Keller grew them for 10 days in an incubator, creating an army of hundreds of millions of those specialized T-cells. The result: a fluffy white substance contained in a small glass vial.

Those T-cells were then injected into Johan’s veins, immediately conferring protection against the six viruses.

“He has his brother’s immune system,” said Keller, an assistant professor at Children’s National.

Johan’s mother confirmed as much: today, when Thomas and Johan catch a cold, they have the same symptoms, and for nearly the same amount of time.

“I think it’s pretty cool to have immunity from your big brother,” Maren Chamorro said.

This therapeutic approach — boosting the body’s immune system using cells from a donor or one’s own genetically modified cells — is known as immunotherapy.

Its main use so far has been against cancer, but Keller hopes it will soon become available against viruses for patients, like Johan, who suffer from depressed immune systems.

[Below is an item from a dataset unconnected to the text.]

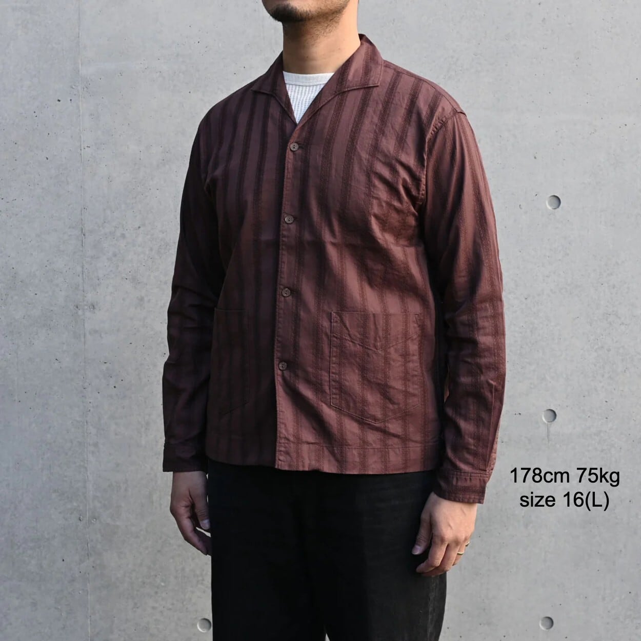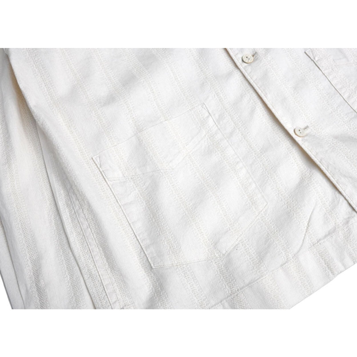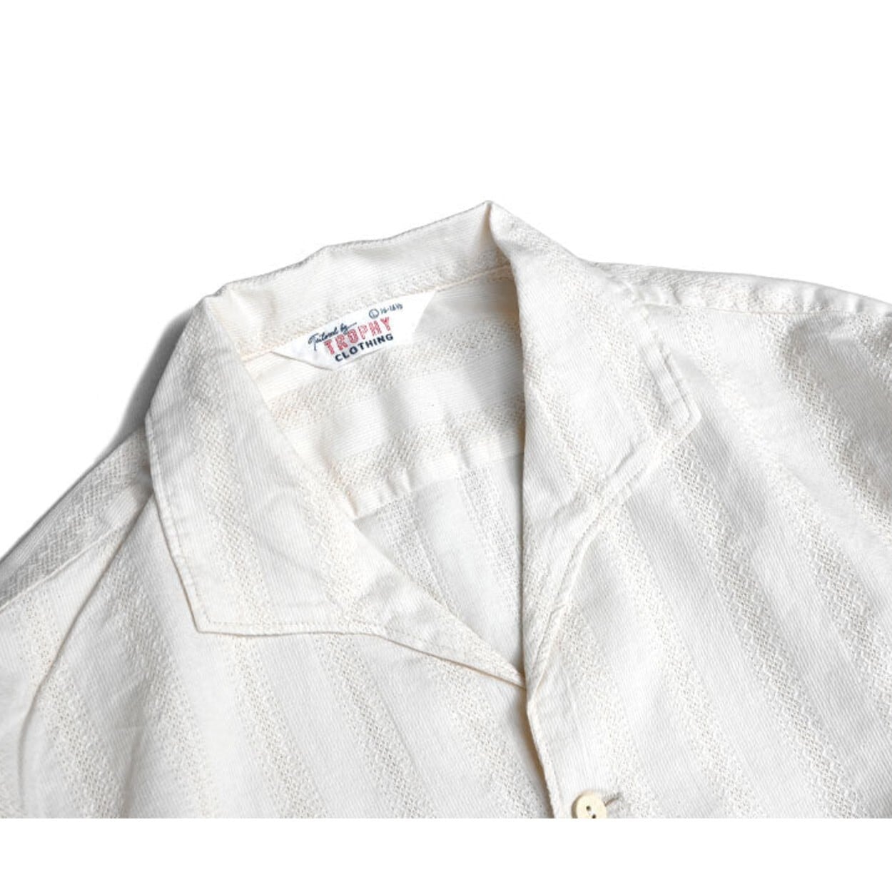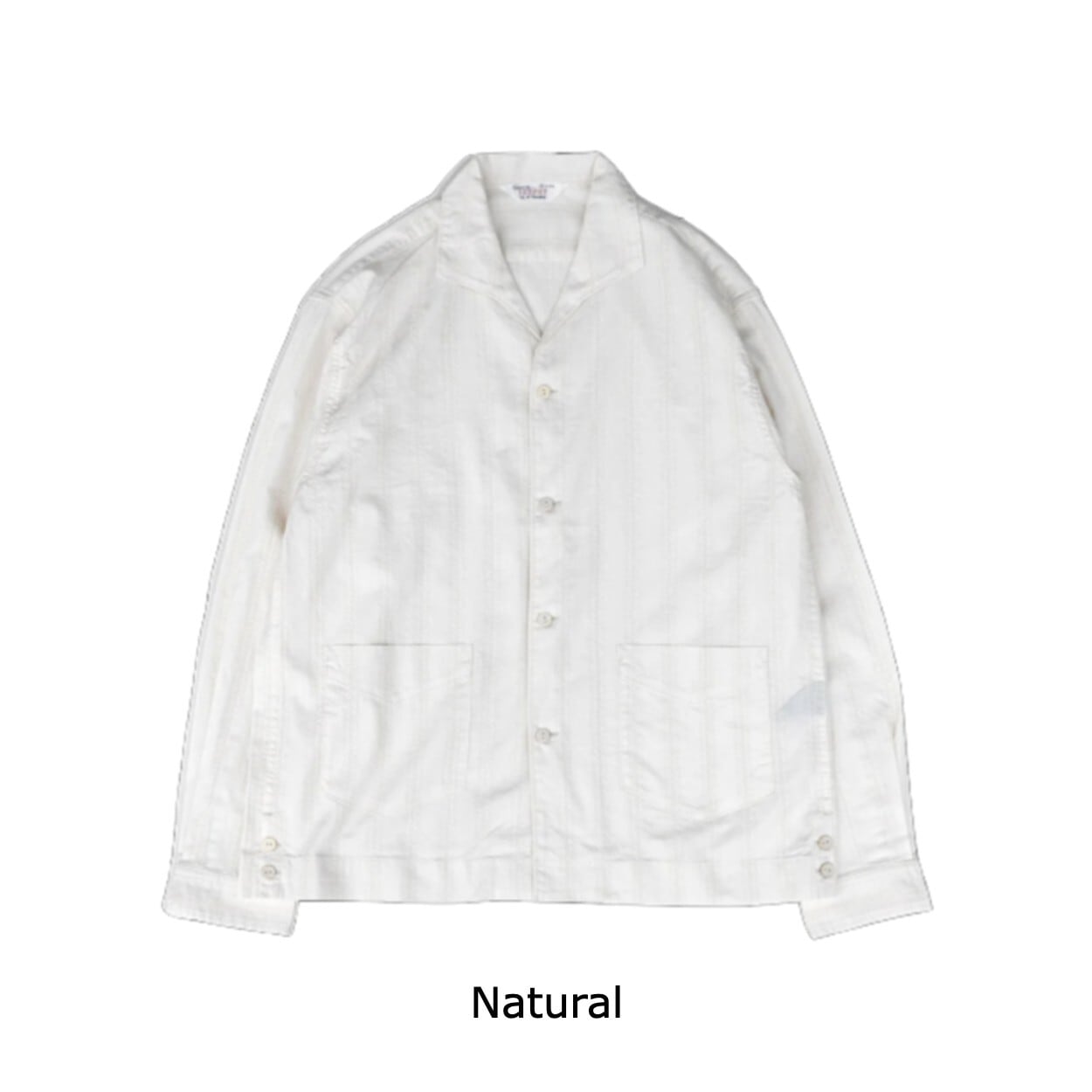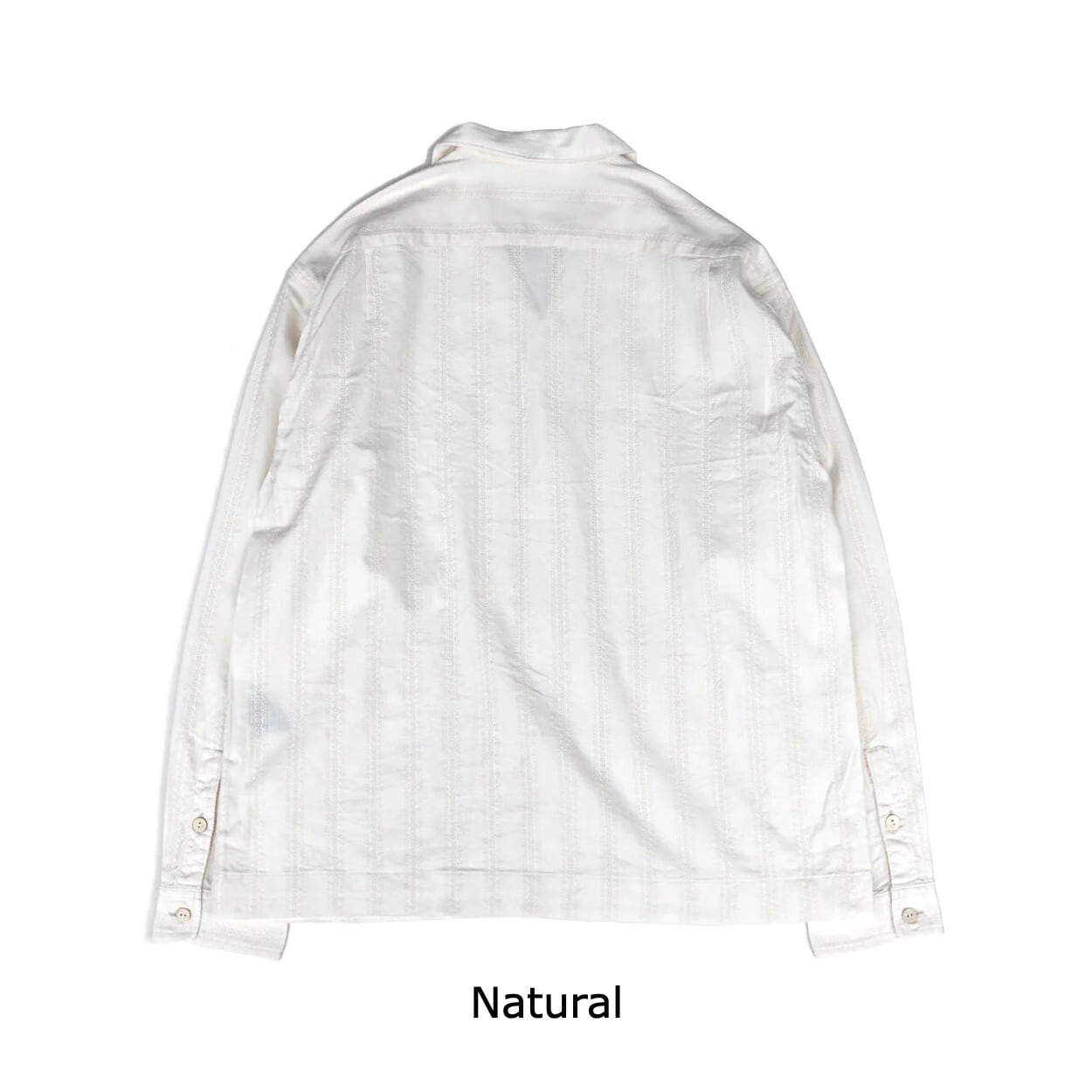 ウイング形状に開いたイタリアンカラー、ウエストポケット、ココナッツボタン、裾のあき等、このシャツならではのディテールが特徴です。

The chief obstacles to that happening are the complexity of the process and the costs, which can run to many thousands of dollars. These factors currently restrict the procedure to some 30 medical centers in the United States.

For Johan, a year and a half after his bone marrow transplant, everything points to a complete success.

“It’s neat to see him processing things, and especially play outside in the mud,” his mother said.

“You know, what a gift!”

Her only concern now is the same as any mother would have — that when her son does fall ill, others in the family might catch the same bug.